8 weeks of targeted core development — from deep stabilisers to surface definition. Pairs with any PROSPER strength programme or runs standalone.

8 Weeks
5 Days / Week
20 Min / Session
ALL Levels

8-Week Core Development

This program targets every layer of your core — from the superficial rectus abdominis to the deep transverse abdominis — using progressive overload principles applied to focused core training.

Most people train their abs with high-rep, low-intensity work and see minimal progress. This programme applies the same principles that build muscle everywhere else — progressive overload, structured phases, and deliberate exercise selection — to core development.

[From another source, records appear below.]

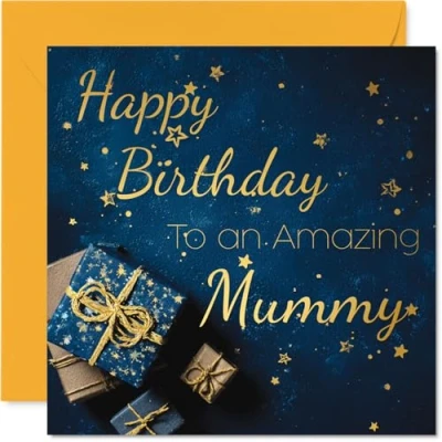 MAKE YOUR MUMMY SMILE WITH THIS UNIQUE GOLD BIRTHDAY CARD: This exceptional quality Mummy birthday card shows the design 'Happy Birthday To An Amazing Mummy'. If you are looking for a beautiful birthday card for Mummy, then then this happy birthday Mummy card is bound to make them smile. Not just a birthday card for Mummy this could also be a birthday gifts for Mummy, Mum or Mother. WHAT DO YOU GET: The card is printed on one side and BLANK ON THE INSIDE to allow you to write your very own message. The unique gold design is printed on a specially sourced and environmentally responsible board. At 360 microns thick the natural white one-sided gloss board has a quality look and feel. Supplied with a coloured gummed envelope to complement the design and ready to be sealed and sent in the post. Great Mummy birthday cards, Son birthday card, Mum birthday card. NO INK SMUDGES: There is nothing worse than writing inside a card to find that the shiny surface makes the ink smudge. This is why we use a high quality one sided coated board. The uncoated side will absorb more of the ink from your pen to make smudging a thing of the past. Mummy birthday cards, Mummy birthday cards from Son. SIZES: Greeting Card = 145mm x 145mm, Envelope = 155mm x 155mm, Card Thickness = 360 micron. Happy birthday Mummy, Mummys birthday card, Mummy cards birthday, birthday card Mummy, happy birthday Mummy card, Mummy gifts from Son. MADE AND QUALITY CHECKED IN THE UK: We print and manufacture all our products right here in the UK so you can be sure of a fast turnaround and a product that is expertly made. Using environmentally responsible premium board our card is conscious of the responsible management of the world's forests - happy birthday card Mummy, Mummy birthday cards.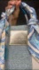 The Small Southbank Tote is crafted in a pale blue woven fabric with bone trims. There are metallic trims as well as an antiqued brass eagle head with crystals on the tab.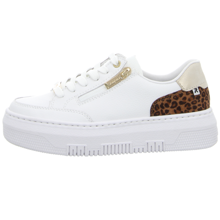 Lässig unterwegs sind Damen in diesem coolen Sneaker Low von Rieker für Damen in Weiß. Die leichte Bauweise und die Plateausohle sind echte Komfortgaranten. Ob zum Jeans Outfit, einem Sommerrock oder als Schuh fürs Büro - dieser Sneaker ist ein echtes Must Have für coole Damen.
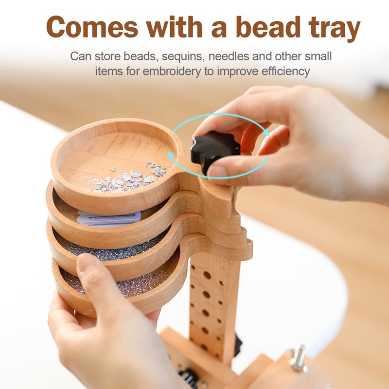 - ✅ All-in-One Storage & Convenience – Keep your embroidery essentials organized with a built-in storage tray for beads, needles, threads, and sequins. This embroidery hoop stand ensures easy access to your tools, keeping them secure and clean for a seamless crafting experience.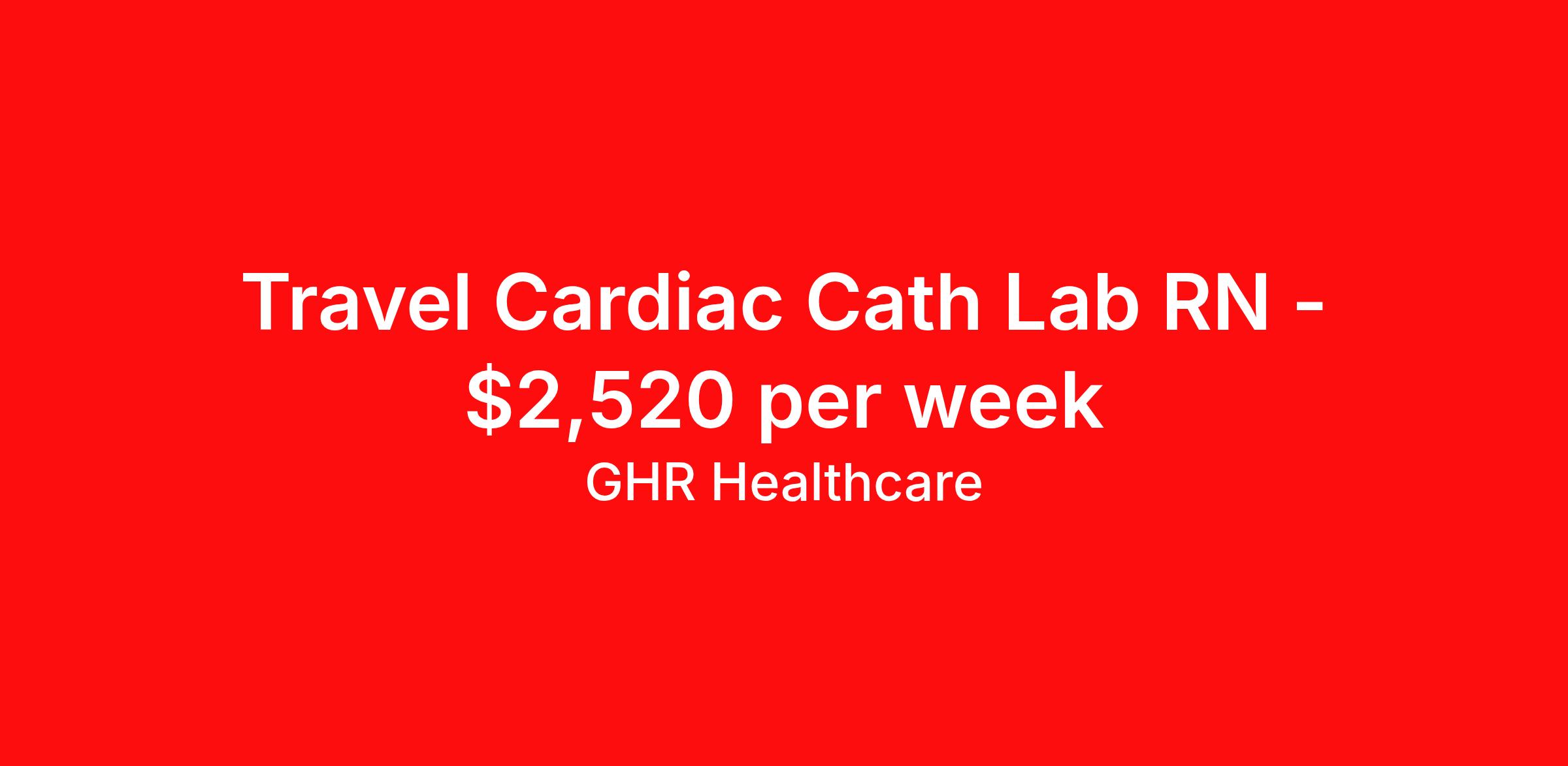 GHR Healthcare is seeking a travel nurse RN Cardiac Cath Lab for a travel nursing job in Cleveland, Ohio. Job Description & Requirements Specialty: Cardiac Cath Lab Discipline: RN Start Date: 04/26/2026 Duration: 13 weeks 36 hours per week Shift: 12 hours Employment Type: Travel GHR Healthcare Job ID 72741458. Pay package is based on 12 hour shifts and 36 hours per week (subject to confirmation) with tax-free stipend amount to be determined. About GHR Healthcare For over 30 years, GHR Healthcare has been the bridge between healthcare professionals and the facilities that need them nationwide. We're committed to uncovering your ideal fit, supported by GHR's dedication to competitive compensation, transparent communication, and a devoted team that genuinely cares about your career journey. You can trust us to stand by your side as your advocate, confidante, and partner in advancing your career. At GHR, care and consideration are at the heart of everything we do. Visit ghrhealthcare.com to learn more.

The truth about visible abs: they require two things working together. First, developed core musculature. Second, low enough body fat percentage for definition to show. This programme handles the first half. The nutrition section handles the second. Both are equally important.

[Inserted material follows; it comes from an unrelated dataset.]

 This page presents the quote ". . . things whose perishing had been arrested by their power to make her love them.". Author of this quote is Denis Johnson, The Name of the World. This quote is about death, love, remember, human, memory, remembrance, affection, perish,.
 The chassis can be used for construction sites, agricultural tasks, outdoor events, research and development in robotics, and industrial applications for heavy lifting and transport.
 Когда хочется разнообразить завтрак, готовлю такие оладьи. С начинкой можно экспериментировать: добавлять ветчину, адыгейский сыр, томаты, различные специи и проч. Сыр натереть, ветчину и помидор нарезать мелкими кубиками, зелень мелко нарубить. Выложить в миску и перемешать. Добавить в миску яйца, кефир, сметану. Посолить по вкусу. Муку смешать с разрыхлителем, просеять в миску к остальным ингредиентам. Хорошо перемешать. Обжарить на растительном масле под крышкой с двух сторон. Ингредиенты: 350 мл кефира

Stacking Guidance When pairing with a PROSPER strength programme, perform core sessions as a finisher at the end of strength training or on dedicated rest days. Sessions are 20–30 minutes and do not significantly impact strength recovery.
Duration 8 Weeks — 3 Phases
Frequency 5 Days Per Week
Session Length 20–30 Minutes
Primary Goal Core Strength & Definition
Equipment Bodyweight + Optional Cable
Compatible With All PROSPER Strength Programs

What You're Training & Why

Effective core training requires understanding the distinct functions of each core component. This programme targets all four areas with purpose-built exercises for each.

Rectus Abdominis

The "six-pack" muscle. Responsible for spinal flexion and the visual definition most people are after. Trained through crunches, leg raises, and hollow body holds. Responds best to controlled eccentric and peak contraction emphasis.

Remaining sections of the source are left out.